Maman's pale face greeted me at the door. "Ma chère, Élise has told you?" I nodded. "He got into a fist fight with some shopkeeper. He was arrested, and the police are demanding a fine of fifteen francs!" Our mother's tired voice was scarcely above a whisper, and a fresh bruise had formed on her cheekbone, but she was still beautiful. Élise was the very picture of her. I was plain, but glad of it. Beauty in the bourgeoisie may be a blessing, but beauty and poverty do not mix well.

"Fifteen francs?" I repeated. "For a fist fight?"

"Javert." In one word, Élise answered all my questions. Everyone in this quarter knew him - the incorruptible Inspector who followed the Law, obsessively, to the letter. Luckily for me, I'd only seen him from a distance.

But we did not have the money.

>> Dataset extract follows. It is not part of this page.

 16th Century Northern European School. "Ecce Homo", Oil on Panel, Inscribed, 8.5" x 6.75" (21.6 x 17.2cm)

Any that we earned was snatched by my father for alcohol to smooth the corners of his tortured world. So we'd have to beg. I suppose I was too proud for my own good, but I detested charity. I did not need to be reminded that I had a drunk for a father and trembling shadow of a mother. It was all I could do to hold out a cap to the passersby - Élise, so pretty and charming, did most of the work.

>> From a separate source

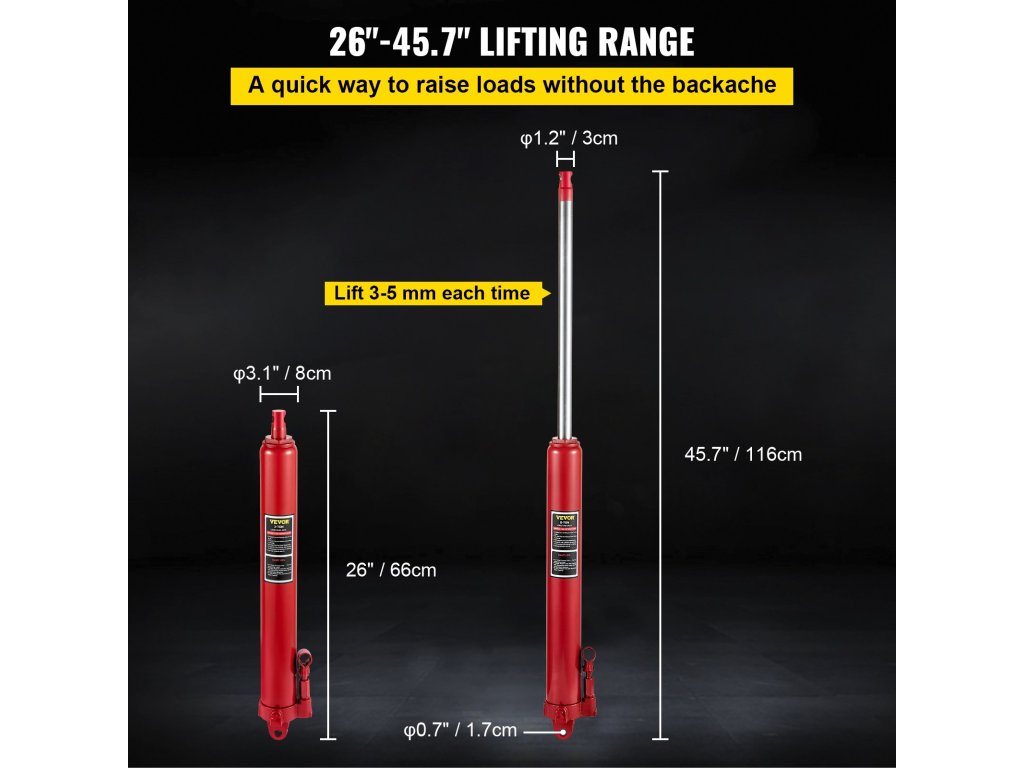 A hosszú dugattyús emelő 26" és 45,7" közötti emelési tartományt kínál, bőséges 19,7" emelési lehetőséggel. Emelje fel emelőjét könnyedén!

Resignedly, I took my sister's hand and walked to the square. As we took our place beside a fountain, a group of students galloped past, starry- eyed, waving a red flag. Shouts filled the air - "Vive le peuple! Vive la république!" I tugged at the sleeve of one of the young men.

"What's going on?"

"A revolution!" he replied and, shaking me off, ran to catch up with his friends. I sighed. Liberty, equality, fraternity.those were ideals that seemed far out of France's reach. Those crazy students - why did they bother?

An old man walking with a young lady (his daughter?) caught my eye. I nudged my sister.

"M'sieur, please, a few sous for our brother?" The young lady looked up at the man. They strolled over, the man reaching for his purse.

"What has happened to your brother, dear?" asked the lady. She had kind eyes.

"He has been imprisoned, and the police want fifteen francs for his release," answered Élise.

"Please, Mam'selle, we will starve without the money he brings. He was in a fight, but it was not his fault, Mam'selle, another man hit my poor sister and he was defending her," I added. The lie was so ironic that I had to force back a smile.

"Papa?"

"Of course, Cosette." The old man drew a few coins from his purse and put them in Élise's open hand.

"God bless you, good M'sieur!" my sister said sweetly. "And you also, Mam'selle!" They smiled, nodded, and continued their walk. I knelt down beside Élise, who stood gazing open-mouthed at the twenty francs in her hand. It was luck, surely, but I had given up being glad. It was always harder when darkness came again if one allowed oneself too much sunlight. I took the money and sent Élise home with the extra five francs.

I knew the way to the Prefecture well by now. I was always the one sent to pay the fines for the crimes of my father and brother. Élise was too young, being only nine, and Maman was too frail.

I was admitted by a young officer. "For the release of Thierry Desmarteaux, s'il vous plaît?" A sharp nod, and I was led down a hall and into a small office.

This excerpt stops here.